- _Given records_:

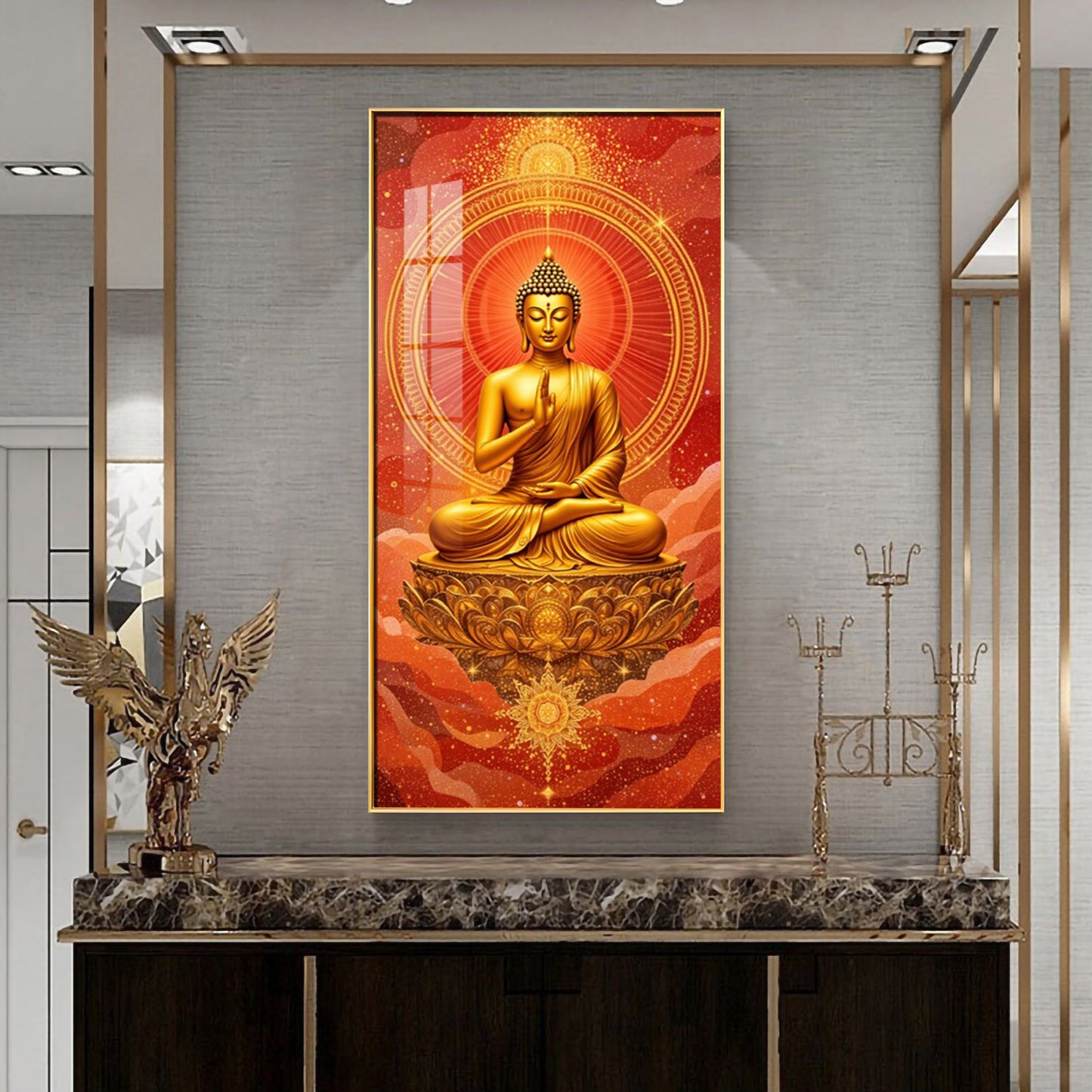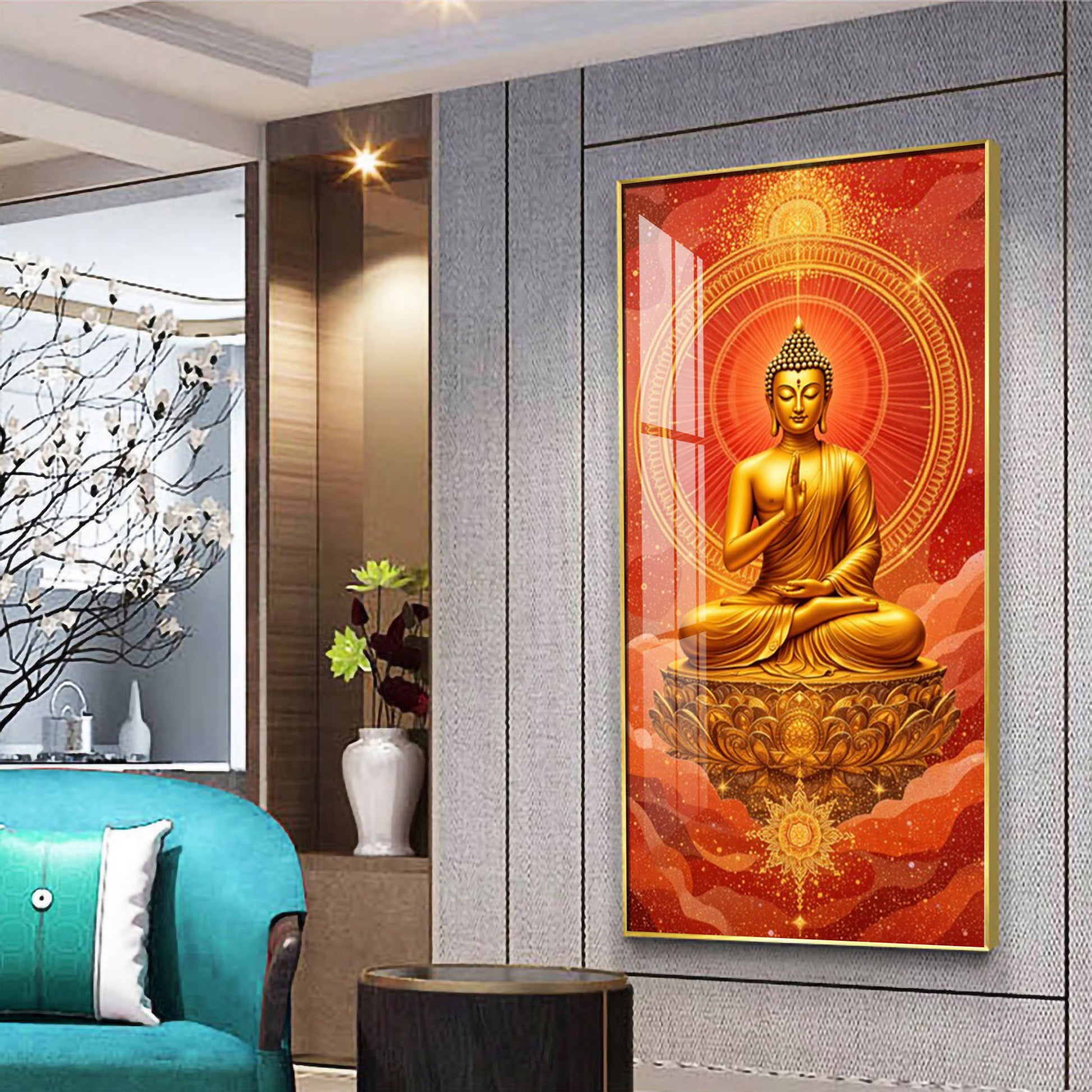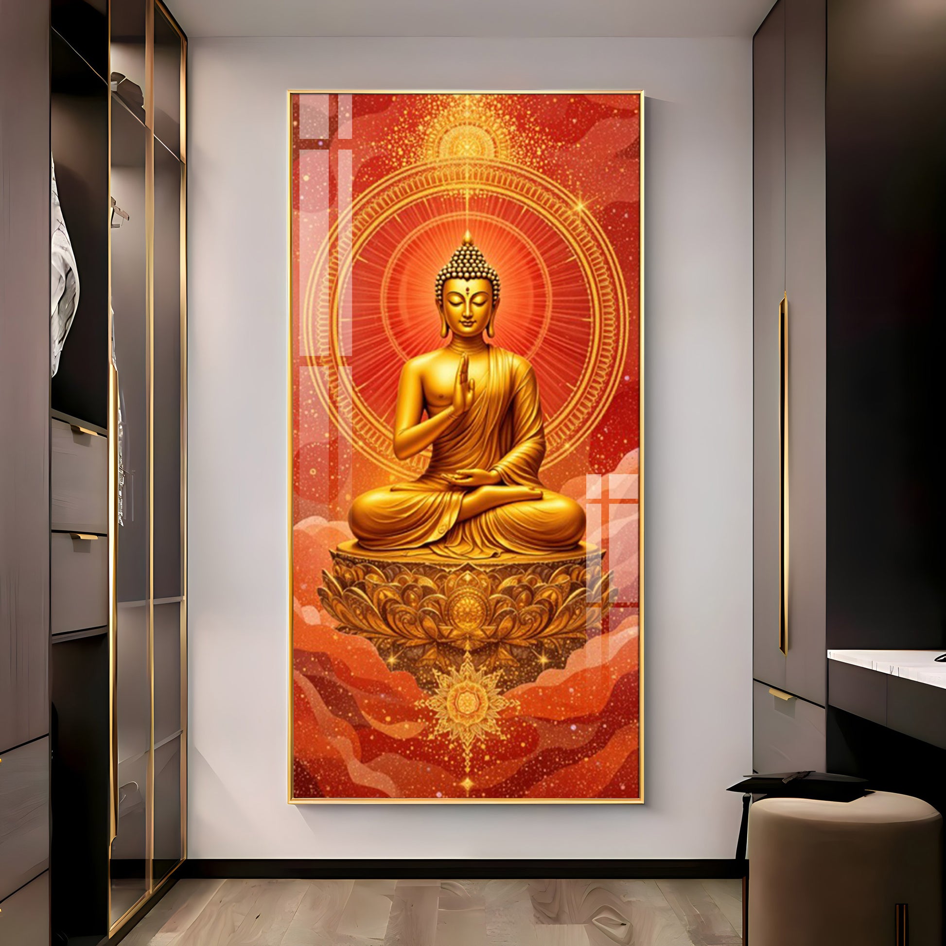 Crimson Buddha Premium Acrylic Vertical Wall Art
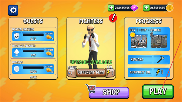 1、在該界面點擊右下角的PLAY按鈕,進入DAY1:CITY-APOCAL的對戰(zhàn)環(huán)節(jié),己方角色為DIFFERENTMAN等級1,同時可查看任務及進度。
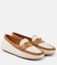 CITY GOMMINO LOAFERS IN FABRIC AND LEATHER - WHITE, BROWN
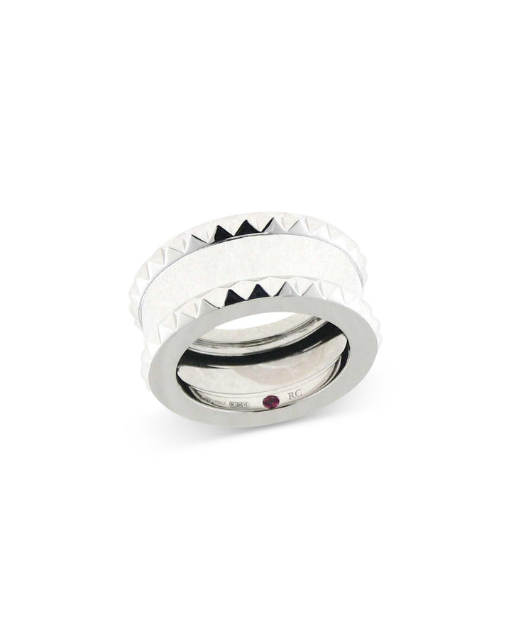 18K White Gold Obelisco Polished Pyramid Bordered Statement Ring
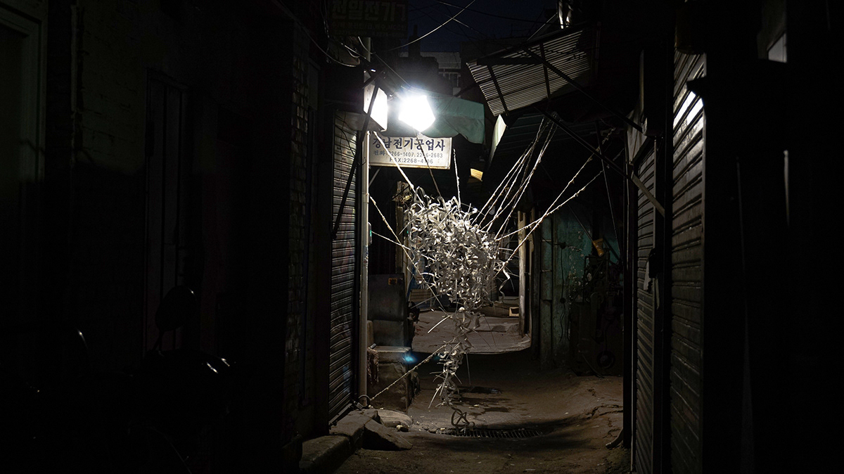 2020년대 초반에는 익숙함을 해체해 낯설게 만드는 전략이 명확해진다. 〈현대기록 시리즈: 탐과 기둥-힘〉(2020)처럼 테이프·철사·케이블 타이 등 일상 소모품을 비정형 덩어리로 전도해 시각·촉각을 동시에 자극하는 질감을 구축한다. 이때 낯섦은 대상의 의미를 비우는 제스처가 아니라, 도시 환경이 품은 잠재적 긴장을 ‘감각의 사건’으로 호출하는 장치로 기능한다.
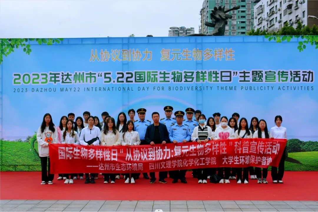为宣传国际生物多样性日,让广大市民深入了解国际生物多样性日的相关知识,同时提高对保护生物多样性重要性的认识,2023年5月23日LETOU国际米兰官网选派32名学生前往达州市仙鹤广场参加由市生态环境局、市公安局、市自然资源局、市水务局、市农业农村局、市林业局、达川生态环境局、四川文理学院联合举办的“5.22国际生物多样性日”主题宣传活动,旨在宣传环保意识、心系人类命运,共同保护生物多样性。活动由学院2021级周立阳同学主持。
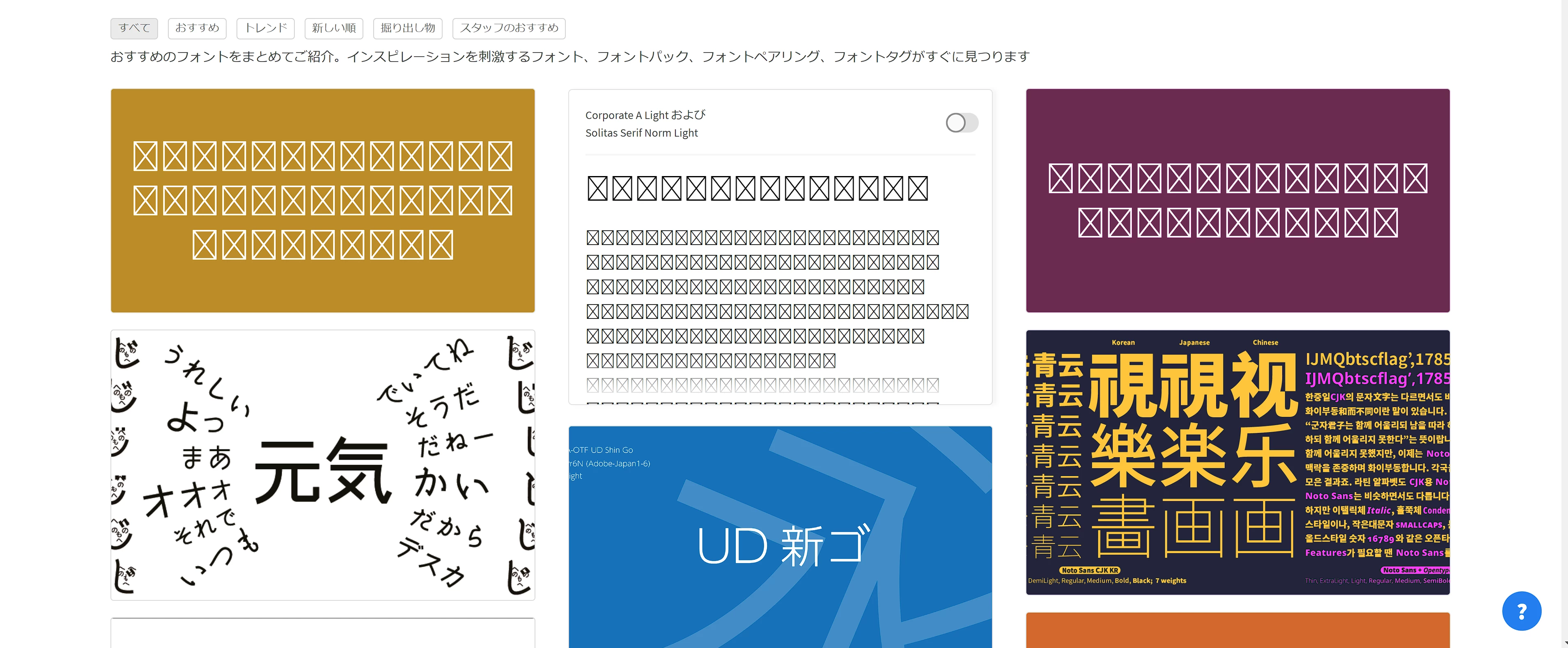 また、ブラウザー表示はWeb経由でサブセット化されたフォントがダウンロードされることで表示されます。ネットワーク回線の速度等も影響を受けますので、そういった点も確認して下さい。
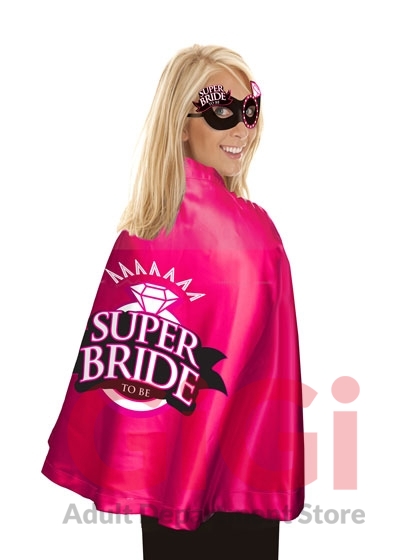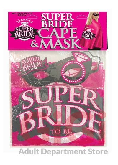 Bachelorette Party Super Bride Cape and Mask Set from Little Genie Productions. Super Bride cape and matching mask comes in a bright pink color with black accents. Cape ties in the front. Mask features Super Bride over on eye and a diamond ring on the other. One size fits most.

- _What is being asked_: From the entries above, write out every line without a single change, skipping the images.

- _Exercise result_:
 Crimson Buddha Premium Acrylic Vertical Wall Art
 1、在該界面點擊右下角的PLAY按鈕,進入DAY1:CITY-APOCAL的對戰(zhàn)環(huán)節(jié),己方角色為DIFFERENTMAN等級1,同時可查看任務及進度。
 CITY GOMMINO LOAFERS IN FABRIC AND LEATHER - WHITE, BROWN
 18K White Gold Obelisco Polished Pyramid Bordered Statement Ring
 2020년대 초반에는 익숙함을 해체해 낯설게 만드는 전략이 명확해진다. 〈현대기록 시리즈: 탐과 기둥-힘〉(2020)처럼 테이프·철사·케이블 타이 등 일상 소모품을 비정형 덩어리로 전도해 시각·촉각을 동시에 자극하는 질감을 구축한다. 이때 낯섦은 대상의 의미를 비우는 제스처가 아니라, 도시 환경이 품은 잠재적 긴장을 ‘감각의 사건’으로 호출하는 장치로 기능한다.
为宣传国际生物多样性日,让广大市民深入了解国际生物多样性日的相关知识,同时提高对保护生物多样性重要性的认识,2023年5月23日LETOU国际米兰官网选派32名学生前往达州市仙鹤广场参加由市生态环境局、市公安局、市自然资源局、市水务局、市农业农村局、市林业局、达川生态环境局、四川文理学院联合举办的“5.22国际生物多样性日”主题宣传活动,旨在宣传环保意识、心系人类命运,共同保护生物多样性。活动由学院2021级周立阳同学主持。
 また、ブラウザー表示はWeb経由でサブセット化されたフォントがダウンロードされることで表示されます。ネットワーク回線の速度等も影響を受けますので、そういった点も確認して下さい。
 Bachelorette Party Super Bride Cape and Mask Set from Little Genie Productions. Super Bride cape and matching mask comes in a bright pink color with black accents. Cape ties in the front. Mask features Super Bride over on eye and a diamond ring on the other. One size fits most.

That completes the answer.